17.3.20

La contagión, 2


Los países responden a sus tópicos. Hace años, cuando la crisis de las vacas locas, en Londres un amigo me invitó a cenar. Había comprado unos lustrosos chuletones. Cuando me vio la cara de circunstancias, me explicó: era entonces cuando más seguro resultaba comer carne de vacuno, y, por supuesto, más barato. Mi amigo era votante laborista, pero le podía esa falta de escrúpulos del racionalismo. Johnson es el liberalismo llevado al extremo ideológico: en términos darwinianos, hay que confiar en la fortaleza de la especie. Claro que la struggle for life no es la misma para un trabajador retirado de Newcastle que para el hijo de aristócratas educado en Eton. Leo por ahí que si algo, poco, le ha parado en su estrategia desalmada es el hecho de que muchos de sus votantes son grupo de riesgo, los mismos que, envueltos en un nacionalismo de tenderete, hacían campaña por el Brexit.
El liberalismo es así. Si hay que desdecirse de Darwin (ayer dieron unas tímidas recomendaciones) queda el factor de la conveniencia. Si falla la estrategia, queda el ollazo. Robinson sobrevive porque es un privilegiado y un tramposo, con el barco encallado y repleto de alimentos no perecederos, granos de diferentes clases y pólvora seca. Así cualquiera. Y, sin embargo, le creyeron. El modelo real, el marinero Selkrik, pasó cuatro años aislado y se volvió loco. Robinson estuvo veintiocho y como si nada. 

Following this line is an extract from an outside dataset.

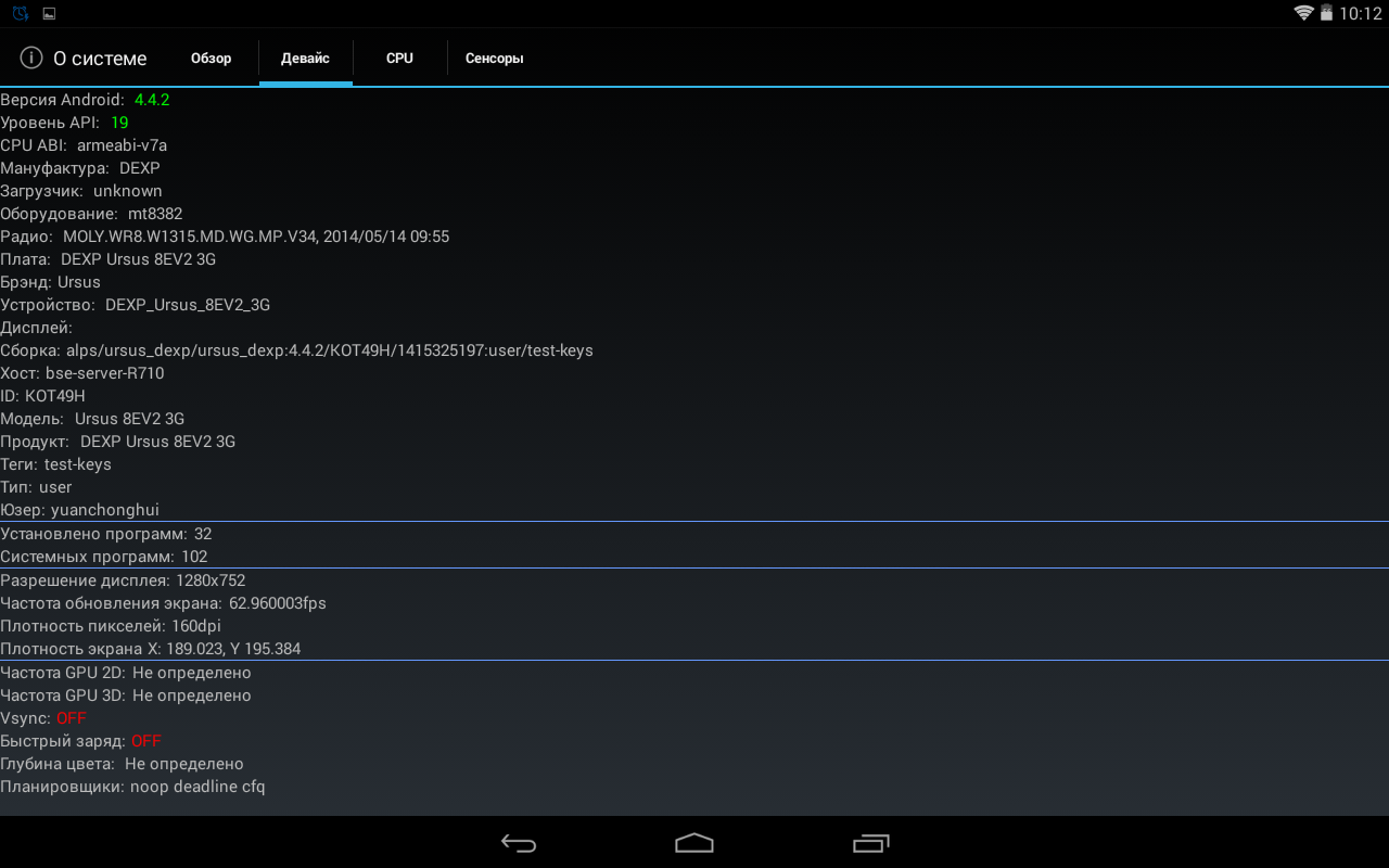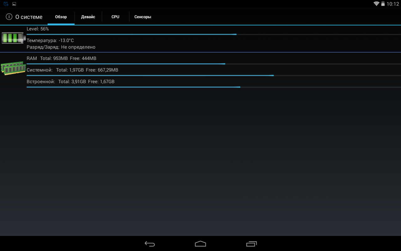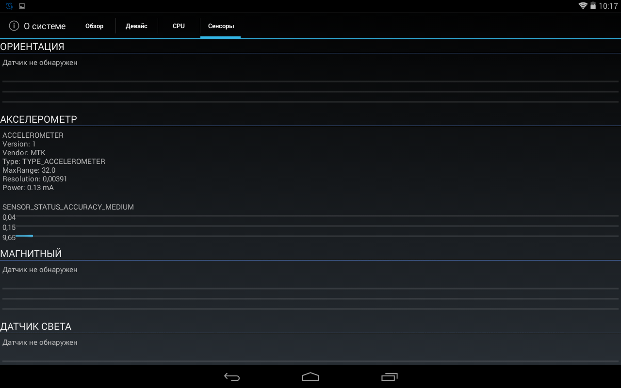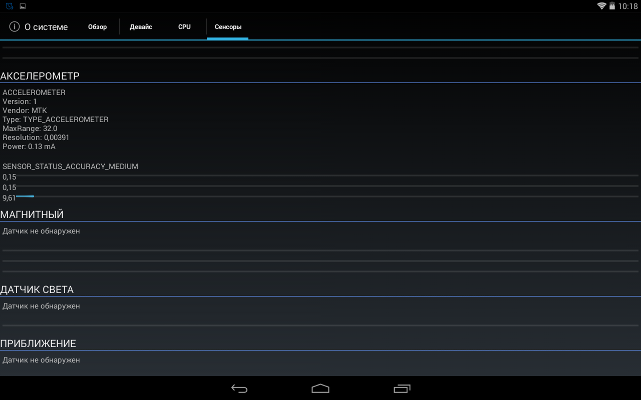 Очень интересно реализовано меню сенсоров. В нем отображаются все возможные датчики и можно реально проверить их наличие. Например, для акселерометра доступна шкала ориентации по трем точкам в реальном времени. Можно посмотреть напряжение и диапазон акселерометра, а также узнать производителя сенсора и его модель. Просто отлично!

De la misma manera hay quien cree en Johnson, o más bien cree ser igual de privilegiado que Johnson, y por lo tanto inmune. Hay que agradecer, sin embargo, que hayan planteado la cuestión en toda su crudeza: ¿qué es mejor, no lesionar la economía o perder a un puñado de ancianos que ya son un lastre para el sistema? A los países del sur esto nos parece una salvajada. Para los dissenters no es más que un punto de vista, tan natural como su oposición a la Ley de pobres que defendía Dickens en sus novelas.
Por aquella misma época de las vacas, un compañero se fue a trabajar a Seúl. Me contaba que un día, en clase, se acercó hasta su mesa un alumno y no paró de moverse mientras hablaba con él. Cada vez que mi compañero daba un paso o movía una mano, el chico lo esquivaba como si le hubiera lanzado un proyectil. Pronto descubrió la razón: en Corea, donde pronto derrotarán al virus, el alumno tiene prohibido pisar la sombra del profesor.